Turning Policy Into Practice: Using Implementation Science to Expand Access to Addiction Treatment
For Erika Crable, PhD, MPH, implementation science is personal. Growing up in the D.C. and Baltimore areas, she witnessed how the “three waves” of the U.S. opioid epidemic—the prescription drug crisis of the 1990s, the rise of heroin in the 2000s, and the spread of synthetic opioids in the years since— devastated families and communities, including her own.
“Overdose deaths are preventable,” she said. “We have harm reduction and treatment practices that work, but access often depends on your ability to pay. Our systems just aren’t meeting the demand or delivering quality care.”
While completing her doctorate, Crable worked full time as a policy consultant for the Centers for Medicare & Medicaid Services and SAMHSA. She realized that much of what she was doing—helping government agencies translate evidence into practice—was implementation science, even if it didn’t have that name yet. “We didn’t need new interventions,” she said. “We needed to get the ones that work into the hands of people who need them.”
A Natural Fit at C-DIAS
Crable joined the Center for Dissemination and Implementation at Stanford (C-DIAS) through her long-standing mentorship with Dr. Mark McGovern, who invited her to contribute as the Center. “Mark told me about his big dream for C-DIAS,” she recalled. “I was excited to be in a room where people were thinking big-picture about solutions.”
At C-DIAS, Crable found her place in the Policy and Financing Core, where she focuses on how policy design and insurance structures affect access to addiction treatment. “Many of our biggest challenges stem from poorly designed or poorly implemented health policies,” she said. “I want to make sure high-quality evidence about substance use treatment and harm reduction is one of the key inputs policymakers consider.” She added, “I love that the Policy and Financing Core brings together different methodological perspectives from economists and policy experts – interdisciplinary thinking leads to creative ideas.”
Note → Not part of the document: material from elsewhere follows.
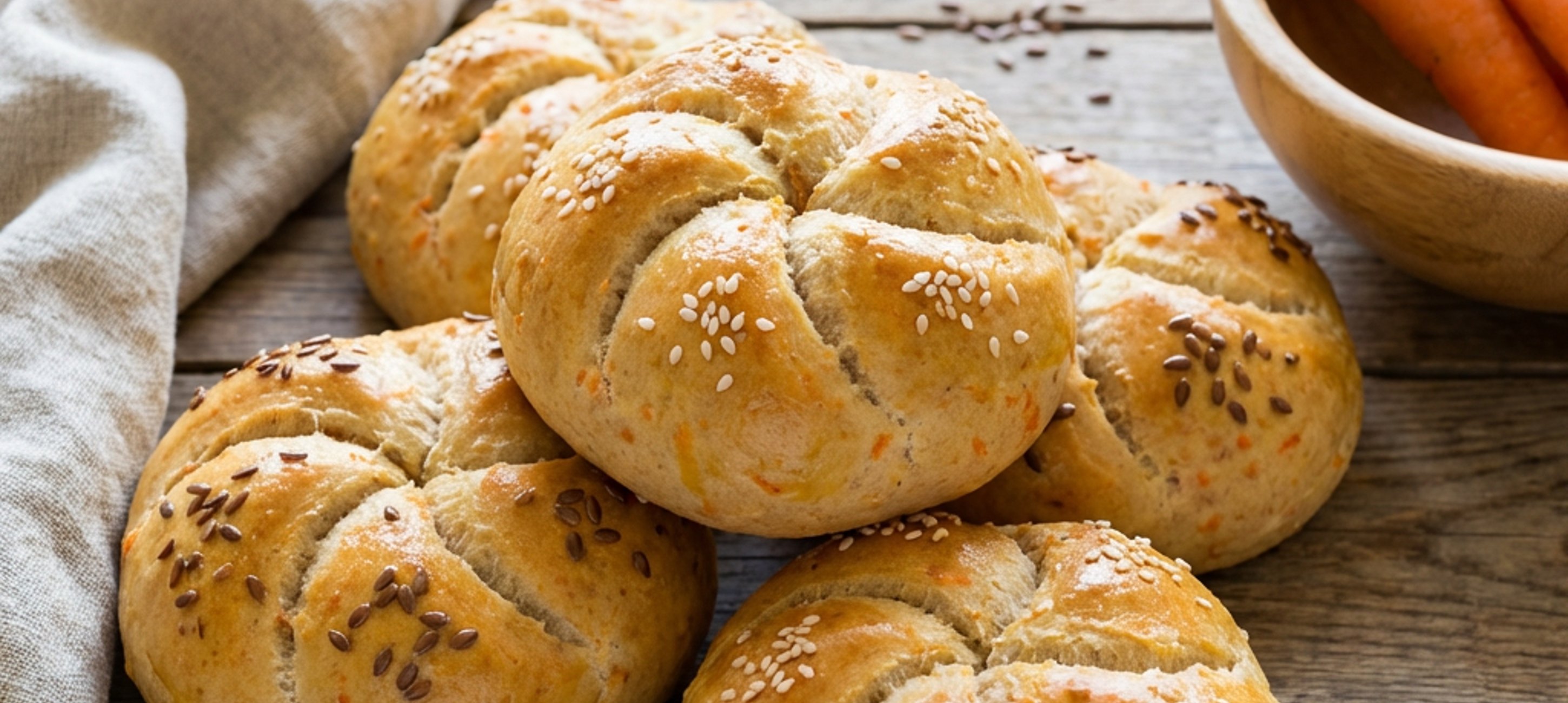 Po potření vejcem můžete kaiserky ještě posypat bílým sezamem nebo loupaným lněným semínkem. Upečené kaiserky podávejte například se smetanovým sýrem, najemno nasekanou pažitkou a mrkví nastrouhanou na tenké pásky.

Rethinking Policy Implementation
Crable’s work often explores how evidence is used—or ignored—in policymaking processes. She points to Oregon’s Measure 110, where parts of the policy were repealed before full implementation. “We see that all the time,” she said. “Policies get declared failures before they’ve even had a chance to work. We need more rigorous and realistic ways to evaluate policy implementation.”
Her interdisciplinary research seeks to bridge that gap – leveraging health law, political science, dissemination and implementation science approaches. In 2025 she received a NIDA Avenir Award to develop a new methodology for understanding different policymakers’ evidence use styles for substance use and HIV relevant policy issues. She also leads the PolicyWISE Study, a national project examining why coverage for medications for opioid use disorder varies across Medicaid and CHIP programs. Early findings suggest that stigma and misinformation contribute to inconsistencies in coverage, especially for youth.
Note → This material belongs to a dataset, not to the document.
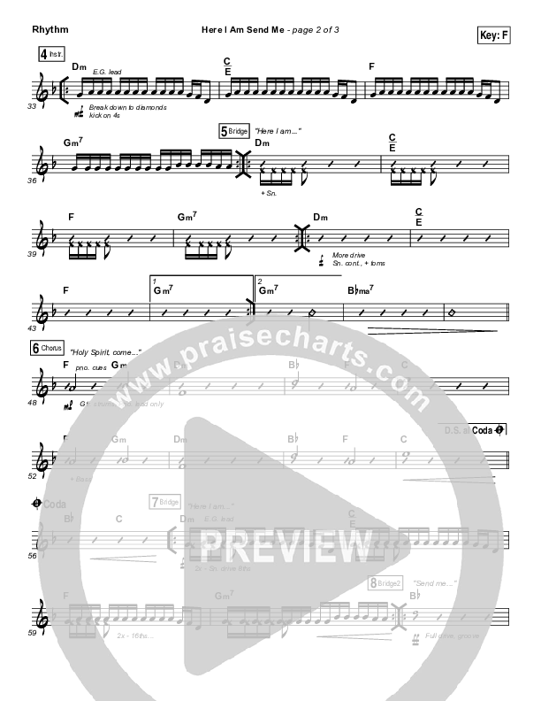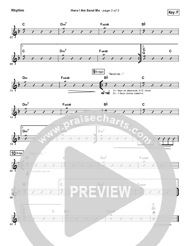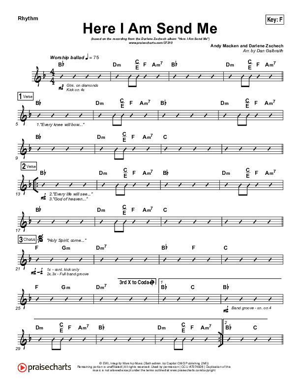 Download the Rhythm Chart for Here I Am Send Me by Darlene Zschech, from the album Here I Am Send Me. This song was arranged by Daniel Galbraith in the key of E, F.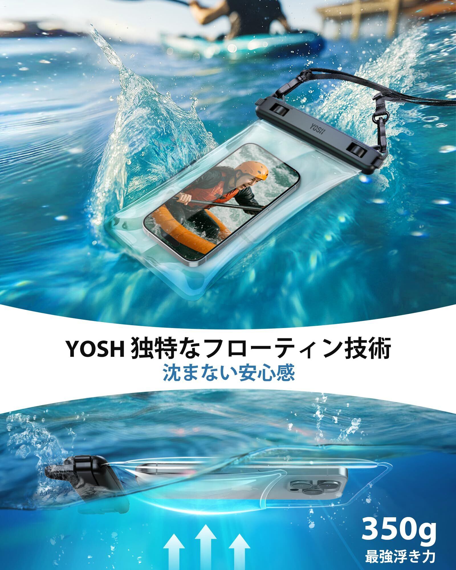 業界最強350gの浮き力:YOSH防水ケースは従来品比40%増の350g浮力を実現。新型iPhone 16 Pro Maxの大型化(画面サイズ+5%)と重量増(+19g)に対応した業界最高水準の浮力設計です。万が一水没時でも、スマホが確実に水面に浮上することをします

As co-investigator on the RESCUE project, she helps adapt harm-reduction simulation models to each state’s context. “You can’t just hand a model to a health department and expect it to work,” she said. “What’s effective in Rhode Island might be impossible in Missouri. We are using dissemination science principles and discourse analysis to tailor our messaging about and inform the content of the simulation models.”
Advice for Future Leaders
Crable urges early-career researchers to engage directly with the policy world. “Show up in policymaking spaces,” she said. “Listen to what decision-makers are actually dealing with right now so you can make sure your evidence speaks to the questions they’re being asked.”
When she’s not analyzing health policy, Crable finds balance outdoors. “When I moved to Southern California, I thought I’d get good at surfing,” she laughed. “I didn’t—but I do enjoy hiking new places and finding great live music. I’m a ’90s kid, so give me some alternative rock or a small jazz venue any day.”